We always talk about Large Language Models (LLMs), but now, we’re deploying more and more Small Language Models (SLMs) and Small Action Models (SAMs). So, here are three definitions that will come in handy for any AI-focused cocktail conversation you may have this weekend.
LLMs are broad, general-purpose models trained on extensive datasets. They excel at language comprehension and generation, making them the backbone of applications like chatbots and customer service automation. Use cases include content creation, automated translation, and summarizing large volumes of text. For example, LLMs are the underlying technologies for tools like ChatGPT.
SLMs are more specialized, secure, and focused on specific tasks. They are derived from LLMs but are enhanced with knowledge graphs and domain-specific data to suit particular applications. A common use case is in the healthcare sector, where SLMs can securely handle patient data and provide tailored responses for medical queries. In enterprise environments, they facilitate internal knowledge management by tapping into company-specific datasets, offering accurate, context-specific insights.

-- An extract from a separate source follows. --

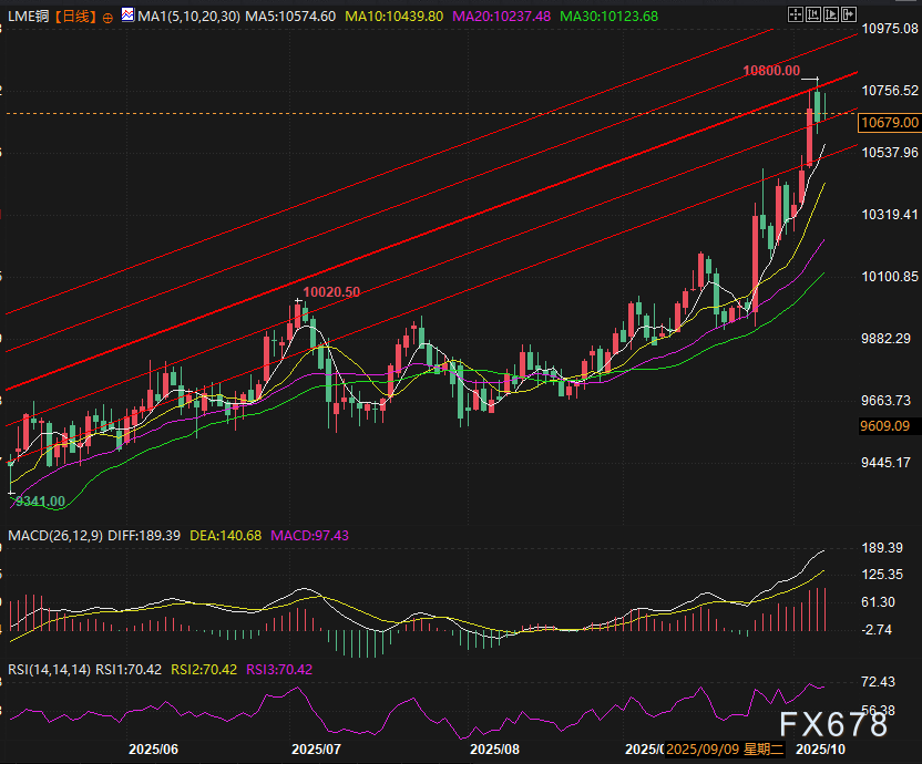 汇通财经APP讯——周二(10月7日)亚欧时段,LME铜价走出冲高回落走势,目前涨0.24%,交投于10678美元/吨。值得注意的是周一铜价高开0.46%之后冲高涨至10800创一年半新高后回落,短暂喘息后,铜价有望继续上涨。

SAMs take things further by acting as dynamic agents. They combine the best of SLMs and LLMs to autonomously execute tasks aligned with business objectives. For instance, a SAM could automate a marketing campaign by analyzing customer interactions, predicting trends, and triggering personalized messages. These models can also optimize supply chain management by making real-time decisions based on evolving data patterns.
That’s a quick vocab lesson. While LLMs are big and famous, SLMs and SAMs are quietly shaping the future of AI by delivering more precise, secure, and actionable insights for various specialized applications.